BEGIN Input material

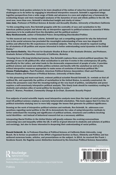 Few subjects of social scientific inquiry need interpretive analysis more than the topic of racial politics, yet most U.S. political science employs a narrowly behavioralist orientation. This book argues that it is time for political scientists studying race to more fully engage the issues that generate its political significance.
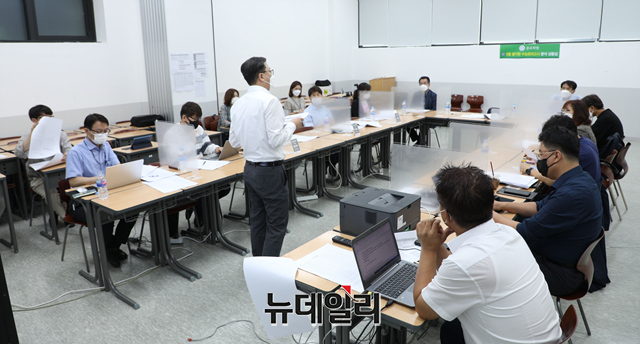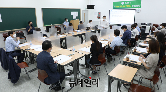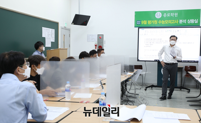한국교육과정평가원 수능모의고사가 실시된 1일 오전 서울 마포구 신촌로 종로학원 강북본원에서 강사들이 상황실에 모여 9월 모의평가의 문제성향을 분석하고 있다.
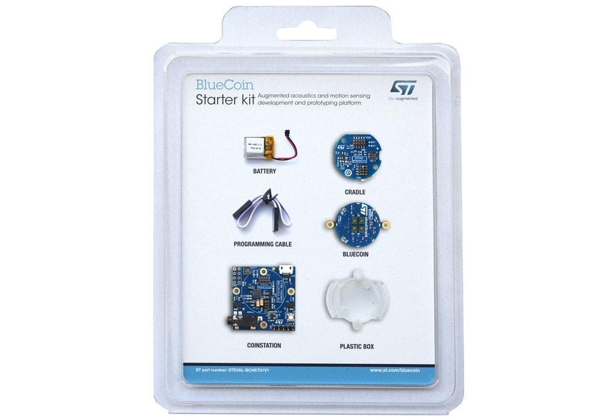 - BlueCoin模块(STEVAL-BCNCS01V1),内置STM32F446、LSM6DSM、LSM303AGR、LPS22HB、4x MP34DT06J、BlueNRG-MS、BALF-NRG-01D3、STBC03JR
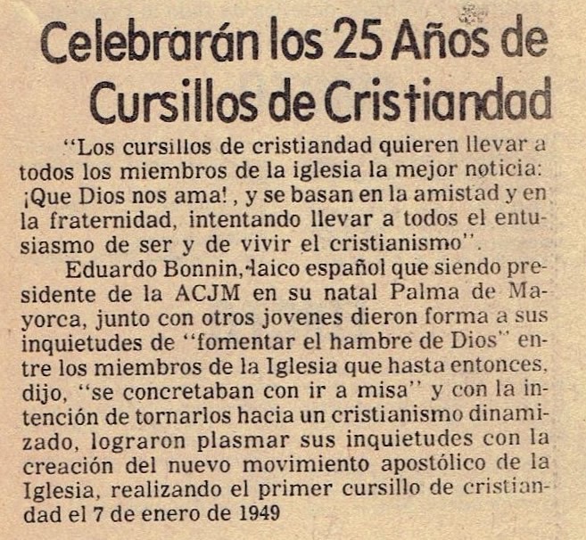 Eduardo Bonnín, laico español que siendo presidente de la ACJM en su natal Palma de Mallorca, junto con otros jóvenes dieron forma a sus inquietudes de “fomentar el hambre de Dios” entre los miembros de la Iglesia que hasta entonces, dijo, “se concretaban con ir a misa” y con la intención de tornarlos hacia un cristianismo dinamizado, lograron plasmar sus inquietudes con la creación del nuevo movimiento apostólico de la Iglesia, realizando el primer cursillo de cristiandad el 7 de enero de 1949.
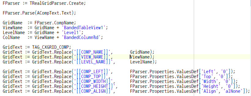 다음(RealGridToCXGridConverter.GetConvertedCompText)과 같이 파서로 분석한 정보로 치환합니다.
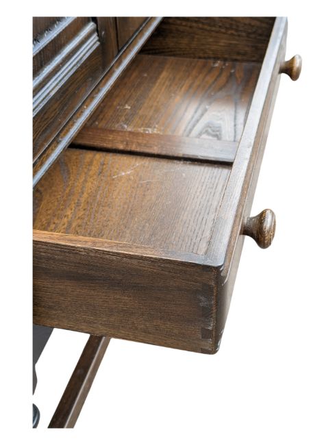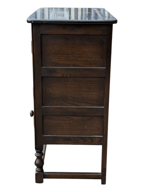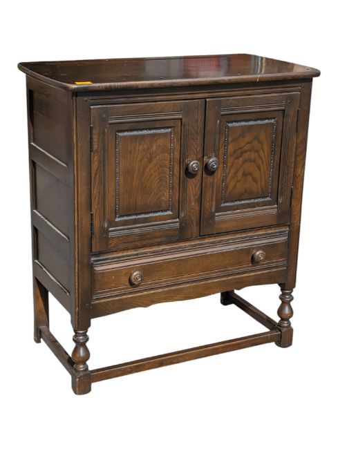 Ercol Furniture - A mid 20th century Ercol old colonial credence cupboard. The cupboard having two panelled doors to the front opening to reveal a spacious interior with a shallow shelf, over a drawer. Raised on turned supports united by stretchers. Measures approx: 89x80x44cm
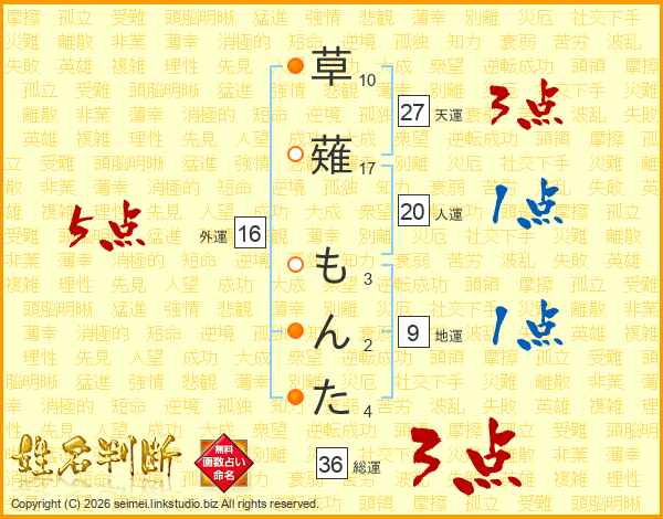 生活面を象徴する運勢です。外部から受ける影響力を表し、結婚運、家庭運や職場、環境への順応性を表します。総運から人運を引いた画数。姓や名が1文字の場合を除く。
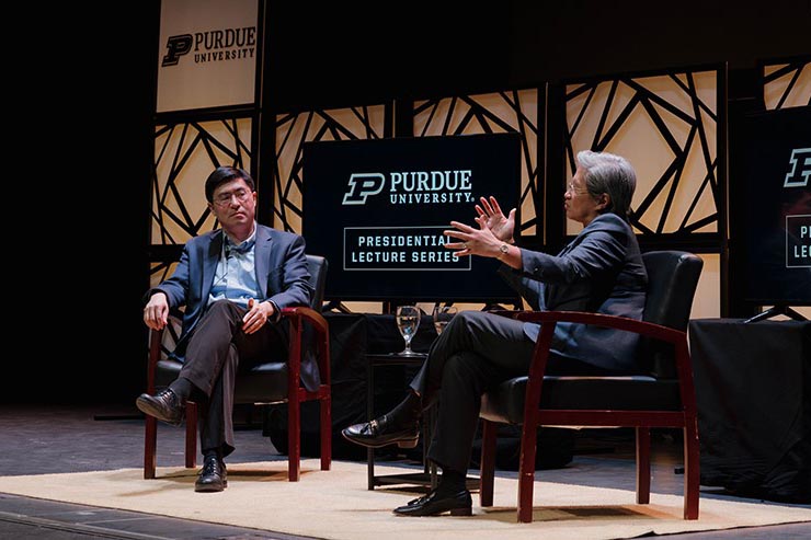 Influential global technology leader Lisa Su, the visionary CEO of semiconductor company AMD, joined Purdue University President Mung Chiang on March 2 for a Presidential Lecture Series event titled "Strategic Circuits: How University and Industry Partnerships Will Power the AI Era."
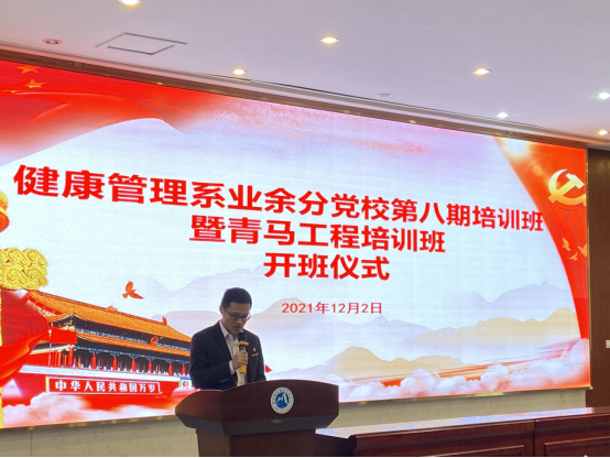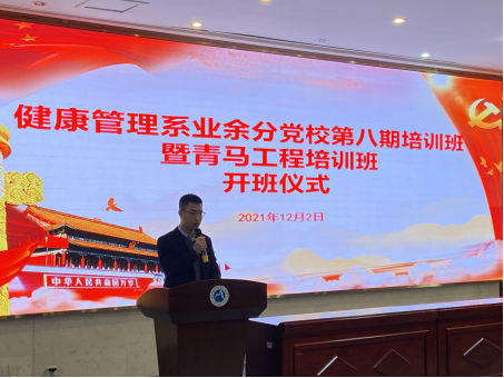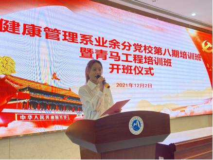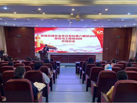 為進一步提高入黨積極分子和青馬工程培訓班學員的政治理論水平,強化政治素養,把好發展黨員入口關。2021年12月2日中午,健康管理系業余分黨校第八期培訓班暨青馬工程培訓班開班儀式在實訓樓四樓會議廳成功舉行。健康管理系黨總支書記黃曦書記、黨總支副書記吳燕玲書記、支部書記、輔導員以及本期128名培訓學員共同參與了此次開班儀式。
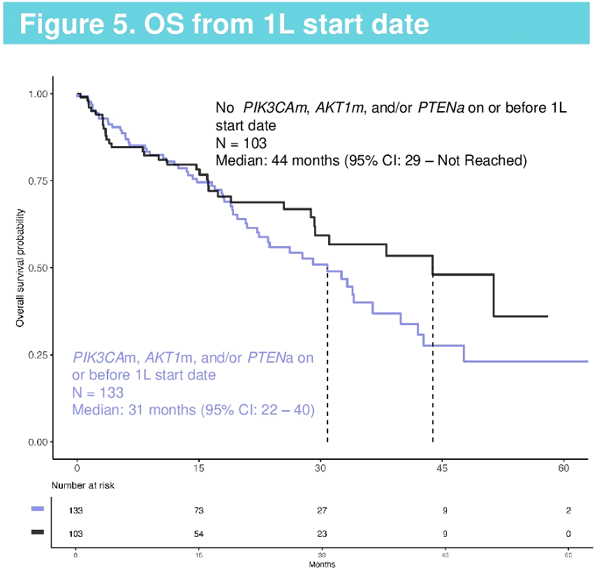 伴有≥1个PIK3CA、AKT1和/或PTEN变异的患者比不伴此类基因变异患者的自一线治疗开始的总体生存期(OS)短,mOS为31个月(95%CI:22-40)对比44个月(95%CI:29-未达到;图5)
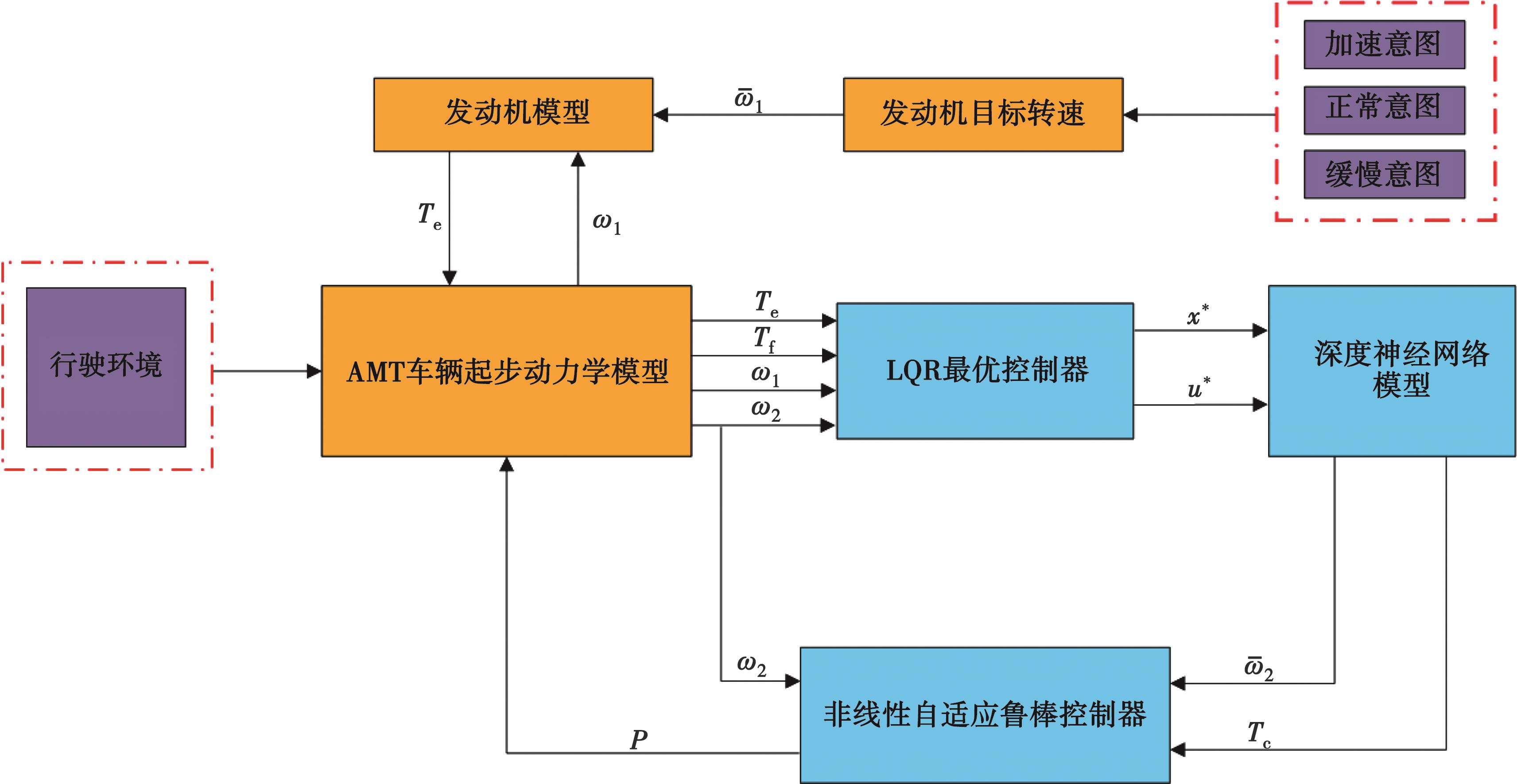 摘要:工程车辆在高扭矩、高负载和复杂运行环境下工作时,面临着诸多技术挑战,特别是在起步阶段,离合器片的滑摩现象显著影响了离合器转矩的控制精度。为实现搭载AMT的工程车辆在不同条件下的起步自适应控制,提出了一种融合二次型控制(linear quadratic regulator,LQR)和深度神经网络的AMT起步过程自适应控制方法。在控制策略的上层,根据不同起步意图制定了发动机恒转速策略,并利用线性二次调节器求得不同环境下的离合器参考转速对应的参考转矩;考虑到运行环境的复杂性,在车辆动力学模型中引入一定范围的扰动,生成一系列参考转速轨迹作为深度神经网络的训练数据集,离线得到鲁棒性较强的数据模型。在控制策略的下层,设计了离合器摩擦因数自适应控制器实时估计离合器的摩擦因数。通过仿真测试验证了搭载AMT的工程车辆起步自适应控制方法的有效性。结果表明:在未知摩擦因数变化规律条件下所提方法具有良好的起步性能,能够适应不同的起步意图与行驶环境,相较于工程上常用的PID控制器具有更强的自适应能力和鲁棒性。
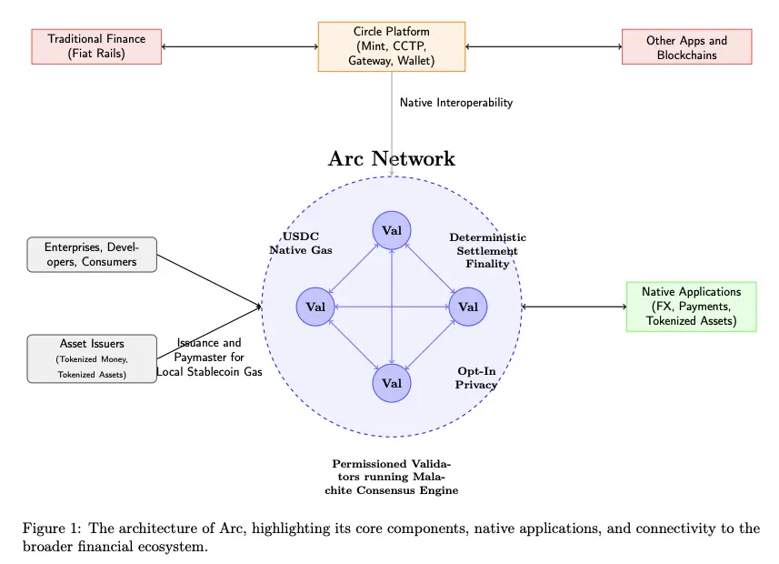 The core features of Arc include: it operates with a permissioned set of validators (running the Malachite BFT consensus engine) that provide deterministic finality; its native gas fees are paid in USDC; and it offers an optional privacy layer.

END Input material

Exercise goal:
Output only the lines from the start of the data through the line that holds "다음(RealGridToCXGridConverter.GetConvertedCompText)과 같이 파서로". Keep them exact and leave the pictures out.

Exercise answer:
 Few subjects of social scientific inquiry need interpretive analysis more than the topic of racial politics, yet most U.S. political science employs a narrowly behavioralist orientation. This book argues that it is time for political scientists studying race to more fully engage the issues that generate its political significance.
한국교육과정평가원 수능모의고사가 실시된 1일 오전 서울 마포구 신촌로 종로학원 강북본원에서 강사들이 상황실에 모여 9월 모의평가의 문제성향을 분석하고 있다.
 - BlueCoin模块(STEVAL-BCNCS01V1),内置STM32F446、LSM6DSM、LSM303AGR、LPS22HB、4x MP34DT06J、BlueNRG-MS、BALF-NRG-01D3、STBC03JR
 Eduardo Bonnín, laico español que siendo presidente de la ACJM en su natal Palma de Mallorca, junto con otros jóvenes dieron forma a sus inquietudes de “fomentar el hambre de Dios” entre los miembros de la Iglesia que hasta entonces, dijo, “se concretaban con ir a misa” y con la intención de tornarlos hacia un cristianismo dinamizado, lograron plasmar sus inquietudes con la creación del nuevo movimiento apostólico de la Iglesia, realizando el primer cursillo de cristiandad el 7 de enero de 1949.
 다음(RealGridToCXGridConverter.GetConvertedCompText)과 같이 파서로 분석한 정보로 치환합니다.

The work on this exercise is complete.